書名:社会派ちきりんの世界を歩いて考えよう!
著者:ちきりん
出版社:大和書房 だいわ文庫
出版年:2014年
著者のちきりん女史は有名なブロガーです。ブログを始めるとき色々検討したのですが、著者がはてなブログを使っておられるので、僕もマネをしたと言っても過言ではありません。
この著書によると、著者は50か国以上旅行されたそうです。複数回訪れた国もあるとのこと。イースター島、マチュピチュなど交通が不便な地域にも訪問されています。
本書は単なる観光やバカンスの旅行記ではありません。その国・地域で見聞したことと、歴史や地理の知識を交えて考察されまとめ上げられています。
僕はかつて、シンガポール、イギリス統治時代の香港、ハワイの3か所を訪れましたが、経験談と言えるほどのものはほとんどありません。

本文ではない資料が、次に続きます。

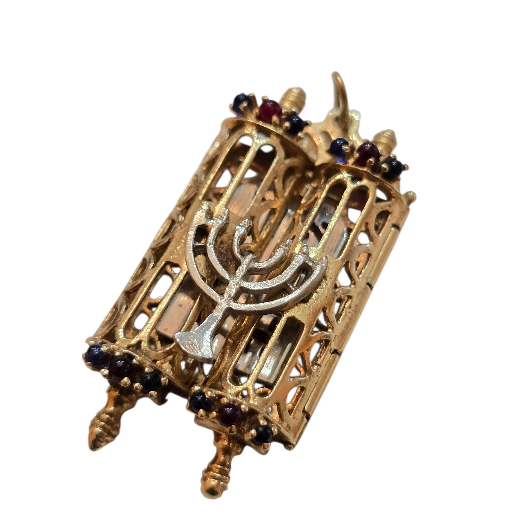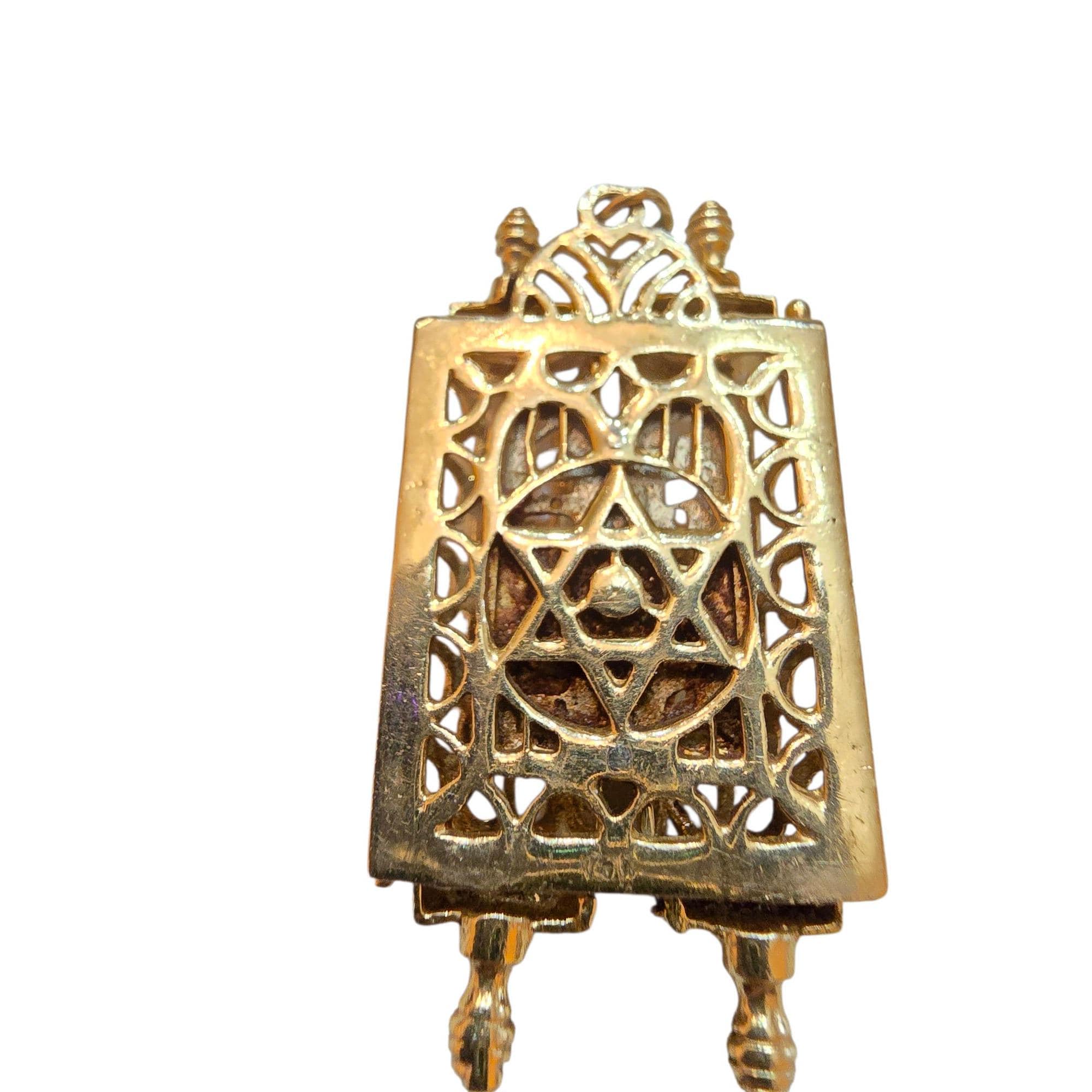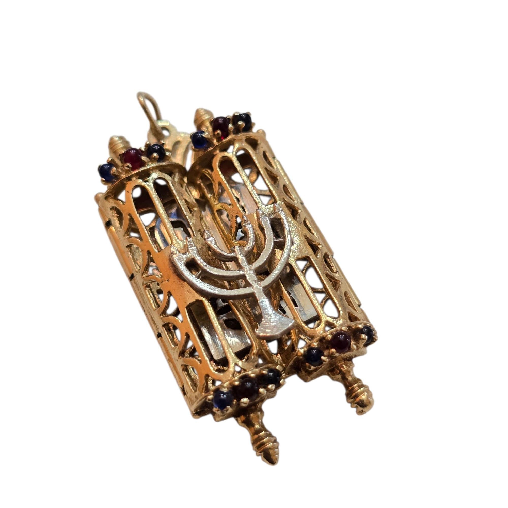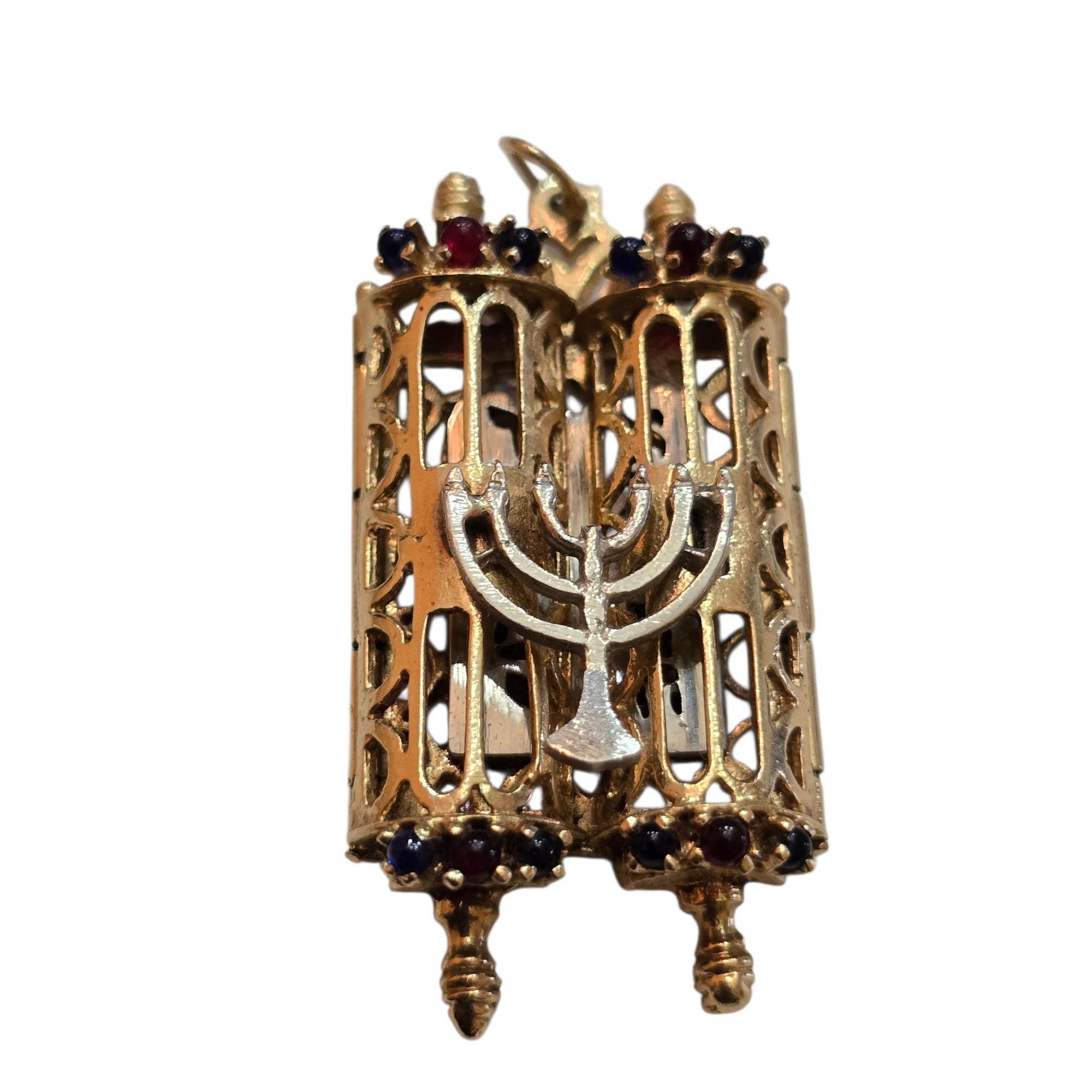 Vintage Exceptional 14kt Torah Pendant with Menorah & Jewish Star and Sapphires (A6532)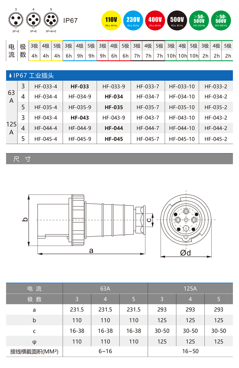 HF035 5芯63A防水工业插头 HF045 5芯125A禾丰工业插头

著者の勇気、好奇心、行動力、コミュニケーション力、観察力、着眼力、洞察力に圧倒されています。
ある国で訪れたレストランで、仲間の一人が紅茶をオーダーしました。運ばれてきたのは、「白湯が入ったカップ」と「皿に乗せられたリプトンのティーバッグ」でした。著者は、サービスが悪いと怒ったり思考停止したりしません。その国ではリプトンのティーバッグが高級な舶来品であり、紙袋のまま提供することが、レストランにとって「最高のおもてなし」なのだと、突き止めました。
「もし海外に行けるなら、ルーブルを見たい」という夢を僕は持っていますが、国内の美術館ですらほとんど行ったことがありません。
著者は世界中の有名な美術館や博物館を見学されています。ウィーン美術史美術館ではハプスブルク家という王家の財宝が展示され、ルーブル美術館ではパリに集まった芸術家たちが残した作品が展示され、大英博物館では世界各地から持ち帰った古代遺跡の発掘品が展示されています。こうした展示物の特徴のほか、年代別、地域別などといった展示方法についても著者は観察されています。
メトロポリタン美術館などアメリカにも有名な美術館があります。ヨーロッパのような歴史がないアメリカでは、大富豪が大金を払って収集したコレクションが展示されているのだと言及されています。僕は、有名な美術館や博物館の成り立ちについてなるほどと納得してしまいました。
僕が初めて飛行機に乗ったのは、シンガポールへの旅でした。
シンガポールの一人当たりGDPは、今やアメリカをも上回っています。またシンガポール航空は、他国の航空会社にサービス面で負けていません。
なぜシンガポールはがんばるのでしょうか。、それは日本の一つの県より狭い国土の都市国家として存続していくためなのです。航空会社を例にとると、他国はドル箱の国内路線を持っていますが、シンガポールは国際線しかありません。国際線で儲けないと、生き残れないのです。
僕がシンガポールを訪れた時、現地では「ルック・イースト」(日本を見習え)でしたが、現在の日本では「ルック・ウエスト」(シンガポールを見習え)と言うべきではないでしょうか。
あまり海外旅行や美術館巡りをしたことのない僕にとって、この著書を拝読したおかげで海外の貴重な体験情報や知識を得られました。世界中を知的に駆け巡った感じです。